Required work: Output the full listing below exactly; the images stay out.

Recorded data:
■ ■ ■ ■ ■
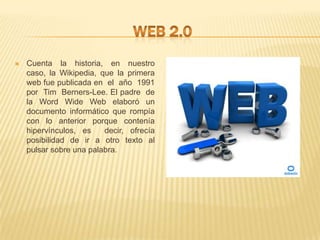 El documento describe la evolución del diseño web desde la Web 1.0 hasta la Web 2.0. La Web 2.0 ha supuesto una revolución con el usuario adquiriendo un papel más activo en la creación de contenidos. Esto ha llevado a la estandarización de ciertos elementos visuales como bordes redondeados, degradados y logotipos reflejados. Sin embargo, algunos diseñadores ahora se oponen a estos estándares de diseño 2.0.
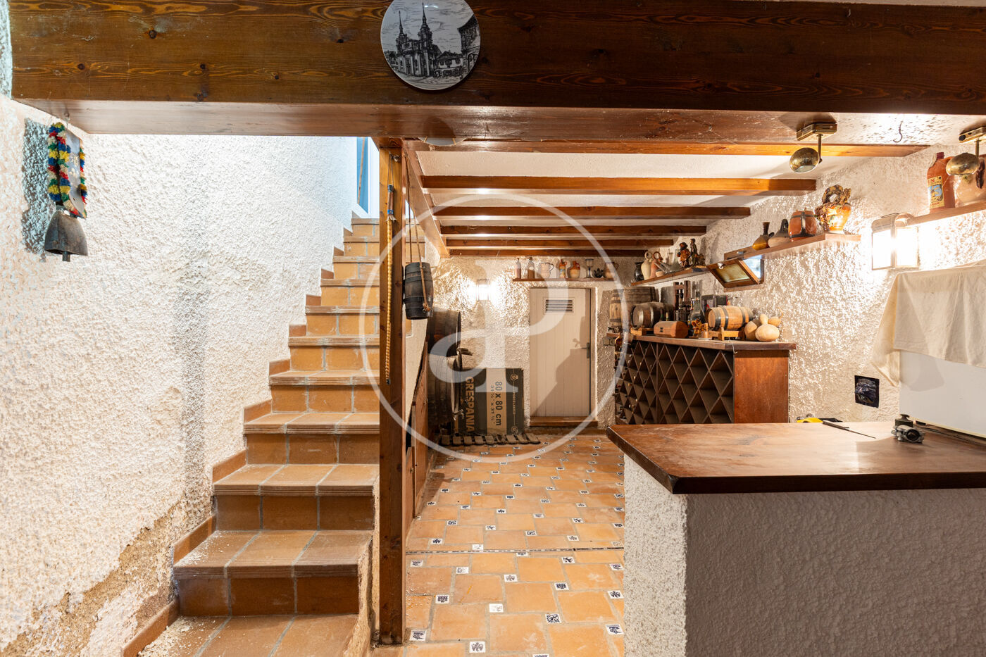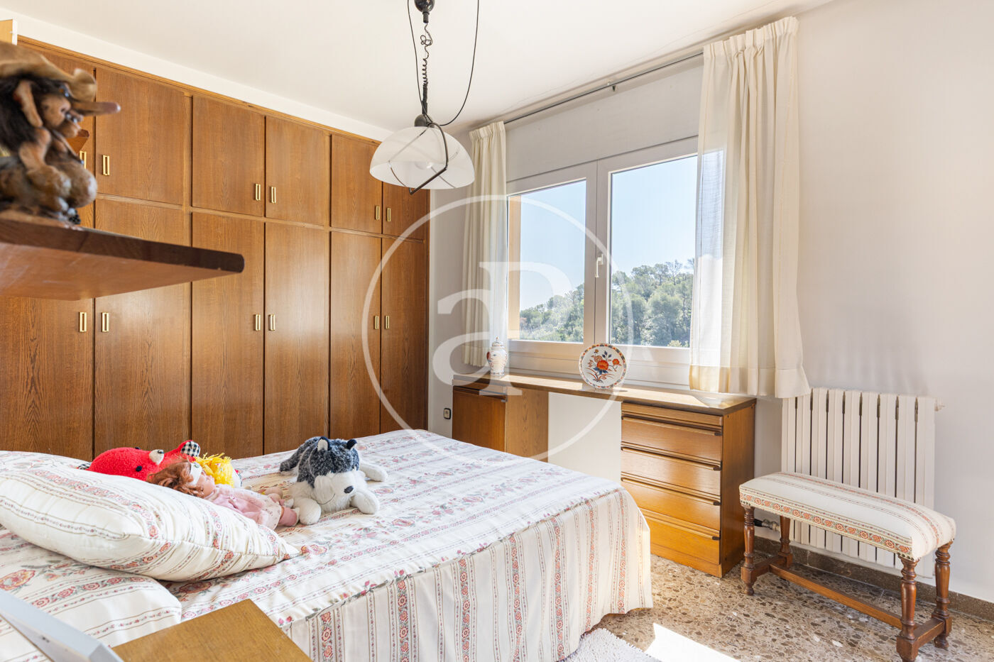 Descobreix aquesta propietat situada en la prestigiosa urbanització Els Pedritxes! Amb una parcel·la de 4.000 m², aquesta casa ofereix una privacitat absoluta i està envoltada d'exuberant bosc i impressionants vistes, creant un entorn idíl·lic per a gaudir de la tranquil·litat i la naturalesa. Amb una superfície construïda de 608 m² distribuïts en dues plantes, actualment configurada com dos habitatges amb entrades independents connectades internament, brinda flexibilitat i comoditat per als seus residents. La seva innovadora infraestructura assegura total autosuficiència, amb plaques solars, un generador de gran capacitat, sistema de recollida d'aigües pluvials, descalcificador i tres dipòsits de magatzematge d'aigua amb una capacitat de 1.000 litres cadascun. La planta principal es compon d'un espaiós saló de 70 m² amb una acollidora xemeneia de llenya i vistes panoràmiques, cuina completament equipada, celler, dues confortables habitacions, un bany i una habitació amb bany complet. En la planta superior, trobem un altre lluminós saló menjador, cuina, dues espaioses habitacions dobles que comparteixen un bany, la suite principal amb vestidor i unes escales que condueixen a una golfa/estudio. A més, una versàtil sala polivalent amb xemeneia, actualment utilitzada com a despatx i gimnàs, ofereix espai addicional segons les necessitats específiques. Des de la piscina, envoltada de serenitat de l'entorn natural, podem gaudir de moments inoblidables de relax i diversió amb familiars i amics. La propietat també compta amb un ampli garatge que ofereix la possibilitat de ser transformat en una versàtil sala polivalent. Aquesta casa ofereix una oportunitat excepcional per a aquells que busquen una residència que combini comoditat i sostenibilitat en un entorn natural privilegiat. En aProperties comptem amb els millors agents immobiliaris per a oferir-li una atenció professional, personalitzada i eficient i estem a la seva disposició per a proporcionar-li, si així ho desitja, un estudi de finançament sense cap cost. No dubti a posar-se en contacte amb nosaltres!
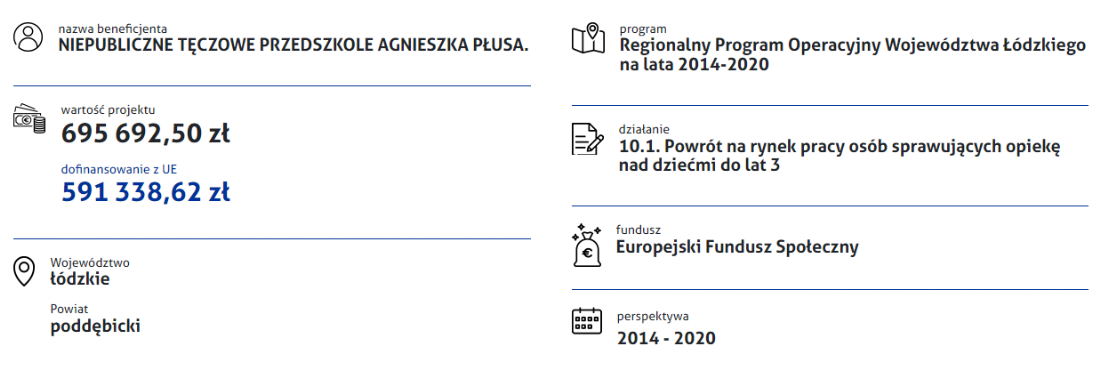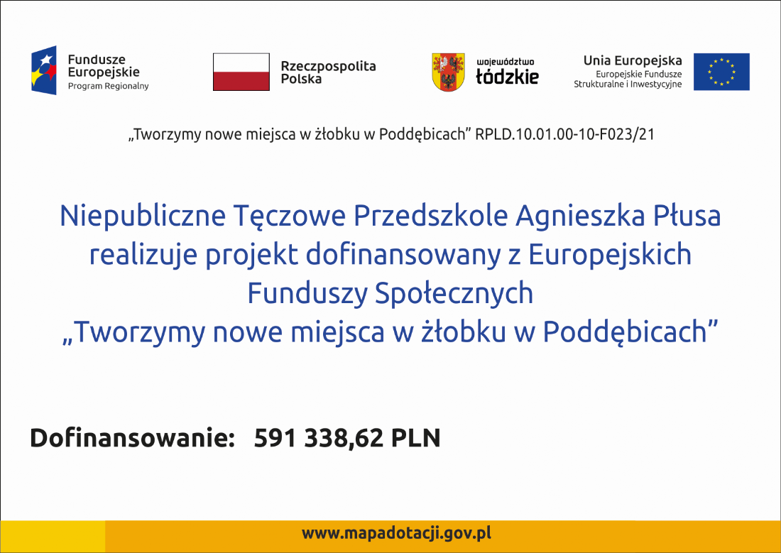 Projekt realizowany . w żłobku w Poddębicach (ul. Szkolna 1), skierowany do 30 rodziców/opiekunów prawnych (28K,2M) z pow. poddębickiego doświadczających trudności na rynku pracy spowodowanych opieką nad dz. w wieku do lat 3.Działania w ramach proj. przyczyniają się do zwiększenia dostępności miejsc żłobkowych w placówce o 30 miejsc (obecnie 57 w żłobku w Poddębicach – 32 ul. Szkolna 1, 25 ul. Łęczycka 5a)i tym samym w powiecie poddębickim. Działania zakładają dostosowanie pomieszczeń do standardów opieki żłobkowej, doposaż. placówki oraz finansowanie codziennego funkcjonowania placówki oraz zajęć dodatkowych. dla nowo przyjętych dz. przez okres 10m-cy. Wartość projektu 695692,50 zł w tym wkład własny pieniężny prywatny – w wysokości 104353,88 zł Wnioskodawca. zapewnia, iż wsparcie w zakresie opieki nad dz. do lat 3 jest realizowane w formach i zgodnie ze standardami opieki nad dz. określonymi w • ustawie z dnia 4 lutego 2011 r. o opiece nad dz. w wieku do lat 3;•rozp. MPiPS z dnia 10 lipca 2014 r. w sprawie wymagań lokalowych i sanitarnych, jakie musi spełniać lokal, w którym ma być prowadzony żłobek lub klub dz.;
■ ■ ■ ■ ■
Exercise output:
 El documento describe la evolución del diseño web desde la Web 1.0 hasta la Web 2.0. La Web 2.0 ha supuesto una revolución con el usuario adquiriendo un papel más activo en la creación de contenidos. Esto ha llevado a la estandarización de ciertos elementos visuales como bordes redondeados, degradados y logotipos reflejados. Sin embargo, algunos diseñadores ahora se oponen a estos estándares de diseño 2.0.
 Descobreix aquesta propietat situada en la prestigiosa urbanització Els Pedritxes! Amb una parcel·la de 4.000 m², aquesta casa ofereix una privacitat absoluta i està envoltada d'exuberant bosc i impressionants vistes, creant un entorn idíl·lic per a gaudir de la tranquil·litat i la naturalesa. Amb una superfície construïda de 608 m² distribuïts en dues plantes, actualment configurada com dos habitatges amb entrades independents connectades internament, brinda flexibilitat i comoditat per als seus residents. La seva innovadora infraestructura assegura total autosuficiència, amb plaques solars, un generador de gran capacitat, sistema de recollida d'aigües pluvials, descalcificador i tres dipòsits de magatzematge d'aigua amb una capacitat de 1.000 litres cadascun. La planta principal es compon d'un espaiós saló de 70 m² amb una acollidora xemeneia de llenya i vistes panoràmiques, cuina completament equipada, celler, dues confortables habitacions, un bany i una habitació amb bany complet. En la planta superior, trobem un altre lluminós saló menjador, cuina, dues espaioses habitacions dobles que comparteixen un bany, la suite principal amb vestidor i unes escales que condueixen a una golfa/estudio. A més, una versàtil sala polivalent amb xemeneia, actualment utilitzada com a despatx i gimnàs, ofereix espai addicional segons les necessitats específiques. Des de la piscina, envoltada de serenitat de l'entorn natural, podem gaudir de moments inoblidables de relax i diversió amb familiars i amics. La propietat també compta amb un ampli garatge que ofereix la possibilitat de ser transformat en una versàtil sala polivalent. Aquesta casa ofereix una oportunitat excepcional per a aquells que busquen una residència que combini comoditat i sostenibilitat en un entorn natural privilegiat. En aProperties comptem amb els millors agents immobiliaris per a oferir-li una atenció professional, personalitzada i eficient i estem a la seva disposició per a proporcionar-li, si així ho desitja, un estudi de finançament sense cap cost. No dubti a posar-se en contacte amb nosaltres!
 Projekt realizowany . w żłobku w Poddębicach (ul. Szkolna 1), skierowany do 30 rodziców/opiekunów prawnych (28K,2M) z pow. poddębickiego doświadczających trudności na rynku pracy spowodowanych opieką nad dz. w wieku do lat 3.Działania w ramach proj. przyczyniają się do zwiększenia dostępności miejsc żłobkowych w placówce o 30 miejsc (obecnie 57 w żłobku w Poddębicach – 32 ul. Szkolna 1, 25 ul. Łęczycka 5a)i tym samym w powiecie poddębickim. Działania zakładają dostosowanie pomieszczeń do standardów opieki żłobkowej, doposaż. placówki oraz finansowanie codziennego funkcjonowania placówki oraz zajęć dodatkowych. dla nowo przyjętych dz. przez okres 10m-cy. Wartość projektu 695692,50 zł w tym wkład własny pieniężny prywatny – w wysokości 104353,88 zł Wnioskodawca. zapewnia, iż wsparcie w zakresie opieki nad dz. do lat 3 jest realizowane w formach i zgodnie ze standardami opieki nad dz. określonymi w • ustawie z dnia 4 lutego 2011 r. o opiece nad dz. w wieku do lat 3;•rozp. MPiPS z dnia 10 lipca 2014 r. w sprawie wymagań lokalowych i sanitarnych, jakie musi spełniać lokal, w którym ma być prowadzony żłobek lub klub dz.;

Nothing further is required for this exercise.